Alexandra Balahur is a researcher with the European Commission Joint Research Center and a member of the Europe Media Monitor team of the Text and Data Mining Unit. She has a special interest in extracting and classifying sentiments, opinions and emotions expressed in documents written in different languages. Follow her on Twitter @alexyys13.
Alex Hanna is a computational social scientist at Google Cloud. In an attempt to improve knowledge and understanding of Black protests between 1994 and 2010, Alex and a colleague used computational tools to extract this information from news wire stories in a recent article. She is an activist for queer and trans rights and in her free time, she competes in roller derby under the name Kate Silver! Follow her on Twitter @alexhanna.
Eugenia Giraudy recently joined the Core Data Science team at Facebook as a Research Scientist. In a paper she co-authored while at UC Berkeley, Eugenia and colleagues used computational text analysis techniques to identify the amount of text reuse in different policy proposals in the US. Follow her on Twitter @EugeniaGiraudy
Hanna Wallach is a Senior Researcher at Microsoft and Adjunct Associate Professor, UMass Amherst. Her research focuses on computational social science and in her own words, she develops machine learning and natural language processing methods for analyzing the structure, content, and dynamics of social processes. She is an avid promoter of the field, and if you want an intro into the difference between computer scientists and social researchers, check out her viewpoint piece: “Computational Social Science ≠ Computer Science + Social Data”. Follow her on Twitter @hannawallach and Medium Hanna Wallach.
Lada Adamic is a computational social scientist at Facebook, and probably the only woman on the collective list of authors that have contributed to the 2009 Computational Social Science paper that refined the discipline. Apart from authoring and co-authoring more than a hundred papers on the subject, she’s also written a few books for children, breaking the stereotype one book at a time! Follow her on Twitter @ladamic and Medium Lada Adamic.
Monica Lee is a computational sociologist who works for Facebook in the Core Data Science team. She previously lived in Germany before gaining her PhD from the University of Chicago. Her work on the Frankfurt School for her dissertation brought her back to Germany.

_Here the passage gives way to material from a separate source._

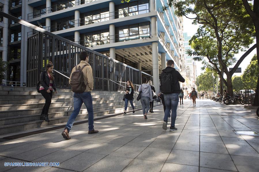 Imagen del 16 de abril de 2019, de Constanza Reche (c) ingresando a la sede de la Universidad Argentina de la Empresa (UADE) donde cursa la carrera de Comercio Internacional, en Buenos Aires, Argentina. El idioma chino, cuyo aprendizaje se extiende cada a?o en Argentina, ha transformado la vida de una joven estudiante del país, que resalta la importancia de hablar esa lengua como herramienta cultural y para ampliar su horizonte laboral. Constanza Reche, de 23 a?os, es estudiante de Comercio Internacional de la UADE y, además, aprende chino en el Centro Universitario de Idiomas (CUI) que, junto con el Instituto Confucio de la Universidad de Buenos Aires (ICUBA), ense?a esta lengua. Desde 2010, cada 20 de abril se celebra en todo el mundo el Día de la Lengua China en las Naciones Unidas (ONU), para realzar la contribución global de este idioma y con el fin de que más gente lo aprenda. (Xinhua/Martín Zabala)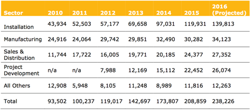 近日,美國宣布太陽能投資稅收抵免(ITC)將延長五年至2020年后,美國非營利組織太陽能基金會(TSF)公布了美國太陽能產業當前就業情況的調查結果。這份“太陽能就業普查”顯示,美國太陽能行業目前擁有員工208859人,僅2015年一年時間就增長了35052人,增長率達20%,占全美新增就業人數的1.7%。太陽能基金會主席兼執行董事Andrea Luecke在陳述中說,“2010年以來,太陽能就業增長了123%,新增近115000個高新工作崗位。我們的調查結果還顯示,過去的12個月里,美國每增加83個工作崗位中就有1個(即1.2%)屬于太陽能產業。”

She initially learnt German from DJing German electronic music—beats DuoLingo! Now back in California, connect on LinkedIn.
Kristian Lum is the Lead Statistician at the Human Rights Data Analysis Group (HRDAG), where she leads the HRDAG project on criminal justice in the United States. Her research focuses on examining the uses of machine learning in the criminal justice system. Last year Kristian highlighted her experiences of sexual harassment within academia, speaking out so her story would help other women come forward. You can follow her @KLdivergence.